------ Exercise material ------

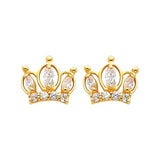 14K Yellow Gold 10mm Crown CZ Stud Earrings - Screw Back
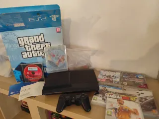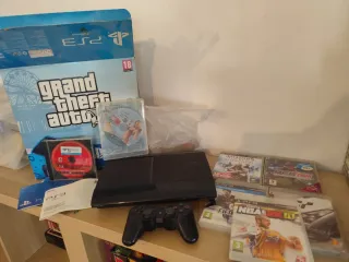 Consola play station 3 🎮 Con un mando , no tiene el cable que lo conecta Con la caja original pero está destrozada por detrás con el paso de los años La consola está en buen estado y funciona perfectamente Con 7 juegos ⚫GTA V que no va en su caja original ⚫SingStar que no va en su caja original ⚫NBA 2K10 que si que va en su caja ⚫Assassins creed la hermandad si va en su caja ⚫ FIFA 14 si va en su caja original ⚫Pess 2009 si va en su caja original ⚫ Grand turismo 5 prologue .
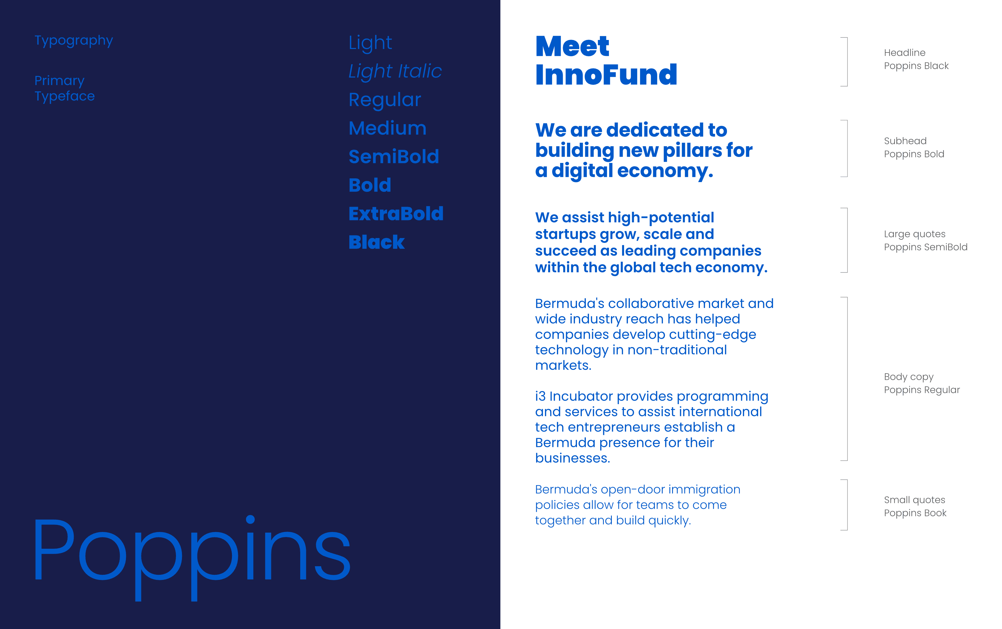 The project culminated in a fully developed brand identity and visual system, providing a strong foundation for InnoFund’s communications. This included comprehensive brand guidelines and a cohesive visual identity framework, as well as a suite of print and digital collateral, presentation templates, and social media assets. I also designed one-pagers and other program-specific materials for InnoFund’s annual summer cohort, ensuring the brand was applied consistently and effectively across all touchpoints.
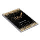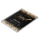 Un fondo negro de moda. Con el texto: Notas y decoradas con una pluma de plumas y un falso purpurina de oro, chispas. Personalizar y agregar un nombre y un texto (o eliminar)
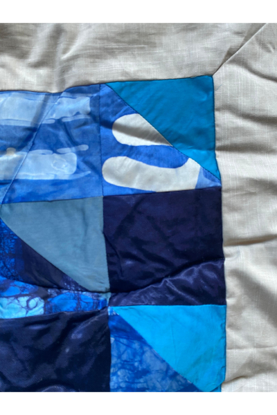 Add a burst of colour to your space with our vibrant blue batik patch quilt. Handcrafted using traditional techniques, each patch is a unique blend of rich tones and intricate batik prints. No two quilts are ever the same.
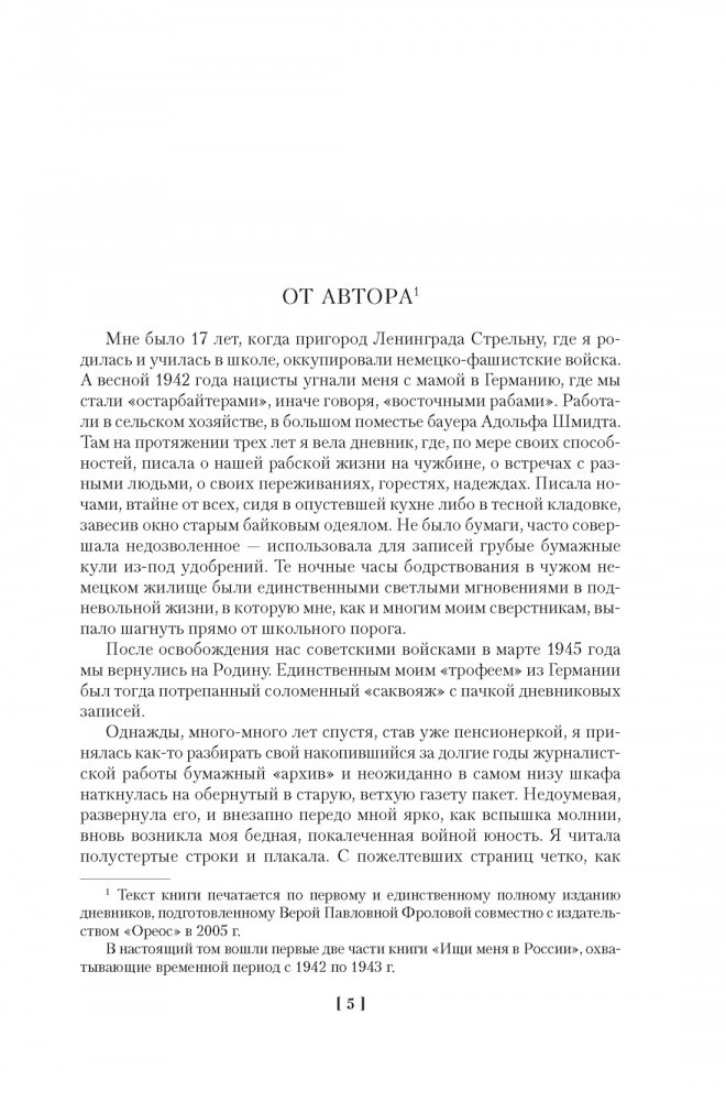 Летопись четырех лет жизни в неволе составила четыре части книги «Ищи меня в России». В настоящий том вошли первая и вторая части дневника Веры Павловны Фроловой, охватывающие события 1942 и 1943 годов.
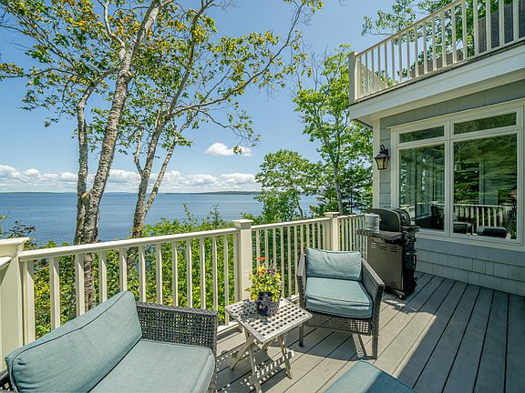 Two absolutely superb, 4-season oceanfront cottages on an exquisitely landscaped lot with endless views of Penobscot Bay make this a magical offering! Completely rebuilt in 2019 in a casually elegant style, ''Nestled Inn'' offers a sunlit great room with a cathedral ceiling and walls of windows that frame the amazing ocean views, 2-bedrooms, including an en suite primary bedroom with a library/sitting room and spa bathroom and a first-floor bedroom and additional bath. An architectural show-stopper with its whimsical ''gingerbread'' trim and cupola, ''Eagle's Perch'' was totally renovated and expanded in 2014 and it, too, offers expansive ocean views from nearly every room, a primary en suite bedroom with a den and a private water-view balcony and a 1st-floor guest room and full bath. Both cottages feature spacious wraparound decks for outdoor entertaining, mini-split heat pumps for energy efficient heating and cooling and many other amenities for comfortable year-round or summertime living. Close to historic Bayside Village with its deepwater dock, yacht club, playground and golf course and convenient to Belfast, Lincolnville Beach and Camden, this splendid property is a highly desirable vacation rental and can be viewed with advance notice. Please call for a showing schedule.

------

*Exercise instructions:*
Begin with the line containing "Un fondo negro", stop at the last line of the records above, and copy every line in between exactly, both ends included, with no pictures.

*Response to the task:*
 Un fondo negro de moda. Con el texto: Notas y decoradas con una pluma de plumas y un falso purpurina de oro, chispas. Personalizar y agregar un nombre y un texto (o eliminar)
 Add a burst of colour to your space with our vibrant blue batik patch quilt. Handcrafted using traditional techniques, each patch is a unique blend of rich tones and intricate batik prints. No two quilts are ever the same.
 Летопись четырех лет жизни в неволе составила четыре части книги «Ищи меня в России». В настоящий том вошли первая и вторая части дневника Веры Павловны Фроловой, охватывающие события 1942 и 1943 годов.
 Two absolutely superb, 4-season oceanfront cottages on an exquisitely landscaped lot with endless views of Penobscot Bay make this a magical offering! Completely rebuilt in 2019 in a casually elegant style, ''Nestled Inn'' offers a sunlit great room with a cathedral ceiling and walls of windows that frame the amazing ocean views, 2-bedrooms, including an en suite primary bedroom with a library/sitting room and spa bathroom and a first-floor bedroom and additional bath. An architectural show-stopper with its whimsical ''gingerbread'' trim and cupola, ''Eagle's Perch'' was totally renovated and expanded in 2014 and it, too, offers expansive ocean views from nearly every room, a primary en suite bedroom with a den and a private water-view balcony and a 1st-floor guest room and full bath. Both cottages feature spacious wraparound decks for outdoor entertaining, mini-split heat pumps for energy efficient heating and cooling and many other amenities for comfortable year-round or summertime living. Close to historic Bayside Village with its deepwater dock, yacht club, playground and golf course and convenient to Belfast, Lincolnville Beach and Camden, this splendid property is a highly desirable vacation rental and can be viewed with advance notice. Please call for a showing schedule.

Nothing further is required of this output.